А я вот все последние месяцы жил будто под наркозом после ампутации, лишь эти похороны меня встряхнули - начал заново учиться смотреть вокруг, спокойно и трезво, не терзаясь мыслями ни о себе самом, ни о тебе, ни о нашем отечестве. Я писал тебе про воздушный замок? он на пожарной стене нарисован, на соседнем доме. Мне рассказывали соседи: лет пять назад мэрия создала особый фонд поощрения монументального искусства. Ну, отцы города народ простодушный, кто к ним первый явился - тот и художник, тому и кисти в руки. Десяток пожарных стен, не меньше, разрисовали какой-то безвкусной мазней. Но моя стена - исключение. Художник прямо на голый кирпич наложил нетолстый слой грунта, или штукатурки, я уж не знаю, как называется, и написал многообильные облака барашками, а в них - замок с круглыми башенками и разноцветными флюгерами, слегка смахивающий на больницу имени королевы Виктории. Кое-где краска уже отвалилась вместе с грунтом, сквозь облака проступает старинный вишневый кирпич - грустно и легко перед этой картиной задирать буйну голову к подвижным и недолговечным настоящим облакам, за которыми мне тоже нередко мерещится каменная стена.
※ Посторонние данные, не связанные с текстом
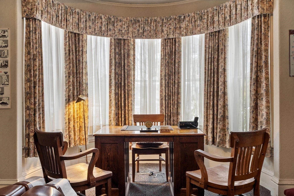 A rare opportunity to own one of the town’s most stunning Victorian homes rich in history, character & versatility. Blends timeless elegance w/ unique functionality, as it is currently both beautiful residence & professional office.The moment you enter grand foyer, you’ll be captivated by the exquisite original staircase.Impressive beamed ceilings, crystal lighting, three elegant fireplace mantels, & light-filled rooms showcase the home’s historic charm & craftsmanship. Every room is generously sized & offers flexible use to suit your needs.The finished third floor provides perfect space for a private retreat, man cave, playroom, or additional living area. The layout also includes a dedicated office section w/ patient rooms & waiting area ideal for continuing professional use or easily converting back to full residential living.Outside, the beautifully landscaped grounds enhance the home’s curb appeal. Ample parking,newer roof.A treasure.

Ты уехала, не простившись со мною, без звонка и записки, а я на следующий же день переселился от недоумевающей Евгении в старый переулок, на второй этаж полусгнившего дома, навеки пропахшего пылью, мышами и керосиновым чадом, и душа моя в те месяцы отупела, как теперь - после Гусева. Объяснишь ли мне эту загадку, милая, почему ее, вертихвостку, то колотит малярия, то разбивает паралич, где золотая середина? Ты, конечно, понимаешь, почему я не оставляю на письмах обратного адреса, почему не звоню тебе. Не из конспирации, что ты, какая уж там конспирация. Мне выговориться нужно, но слушать и отвечать я пока не в силах, а гордыня моя сатанинская тебе известна - желаю явиться если не постукивая стеком по голенищу, то уж с головой поднятой, а не опущенной.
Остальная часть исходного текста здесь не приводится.